Sydney-based managed service provider, Correct Solutions, has merged with IT provider Analitix in a move to expand its customer base.
The merger, effective on 1 October 2016, has enabled Correct Solutions to expand its team by bringing on three of the five existing Analitix employees and expand its client base by 120 companies.
Established in 2001, Analitix has provided IT solutions to a variety of business clients in the Sydney area including internet, network, back-up and hosted PBX.
“We are excited to be joining forces with the team at Correct Solutions who already have a well-established customer base and internal expertise,” said Analitix Managing Director, James Lobbes. "We look forward to working closely together”.
Analitix has been folded into Correct Solutions with the combined entity continuing to operate under the Correct Solutions name and brand.

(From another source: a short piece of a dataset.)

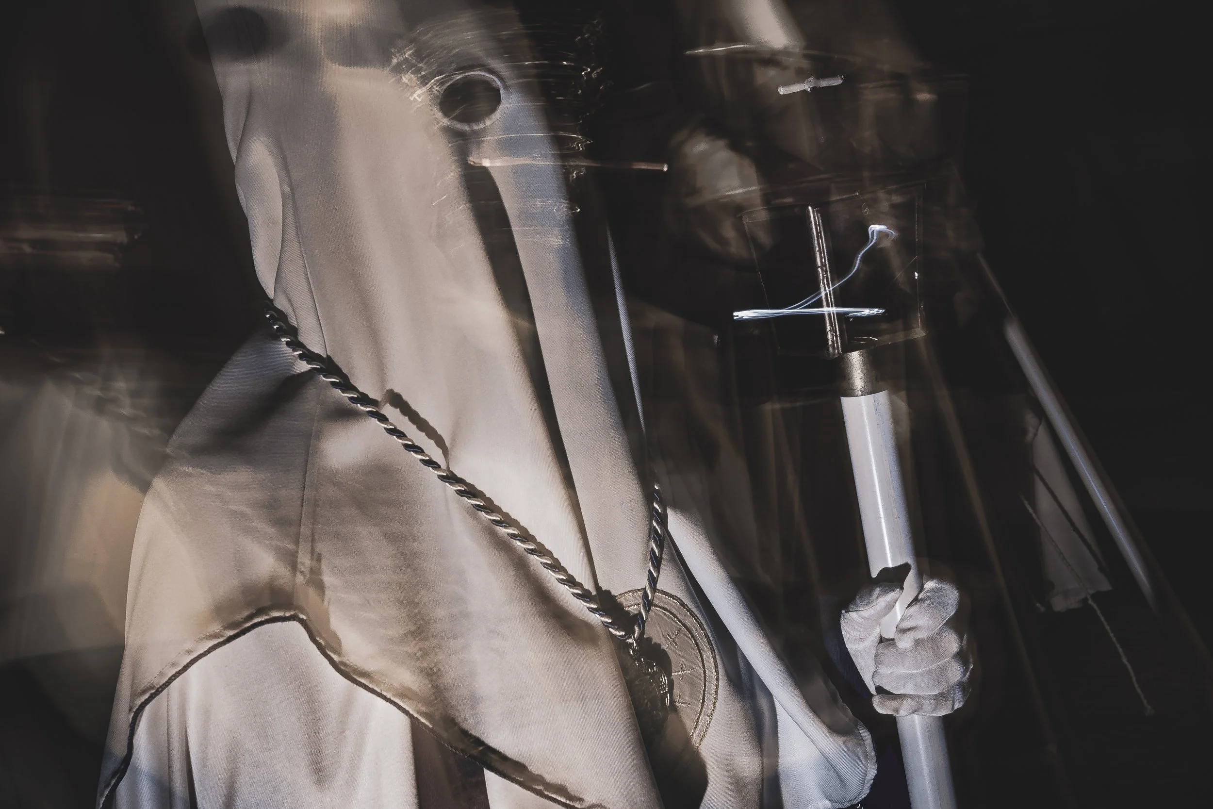 Lejos de la intuición, el proyecto parte de una evidencia: los extremos, al expresarse, se parecen. En su forma de ocupar el espacio público, de vestir el cuerpo, de coreografiar el movimiento, de imponer silencio o gritar consigna, aparece un lenguaje formal común que transciende la diferencia, o al menos la desdibuja. El anonimato [por ocultamiento o por absorción del individuo en el colectivo] se convierte en una forma de fuerza, de pertenencia, de fe.

The merger does not bring any new vendor partnerships or products to the company but expands the Correct Solutions’ existing capabilities and adds account management resources.
Correct Solutions Managing Director, Ryan Spillane, told ARN the two organisations were introduced as they were both members of the Fujitsu partner program.
“James and the team at Analitix were stuck doing too much of the day to day and were unable to spend as much time with clients as they wanted,” he said.
“By joining a bigger team that had both structure and resources he can get back to what he is passionate about, customers.
“Merging with Analitix allows us to integrate the expertise and insight of their team into the experience of our team.
"The more expertise and resources we have to offer clients, the better. This merger is a true marker of our commitment to continually increasing the value we have to offer a variety of business-owners.”
“We have some good strong growth targets over the next five years, and if we can do some strategic mergers and acquisitions along the way, that just helps things along,” he told ARN.
Spillane added that the company has multiple strategies to achieve its growth targets and was looking at a number of options moving forward, including further mergers and acquisitions.
“It is always a numbers game when you are looking to grow," he said. "I think that now, you need to do it in a number of different ways."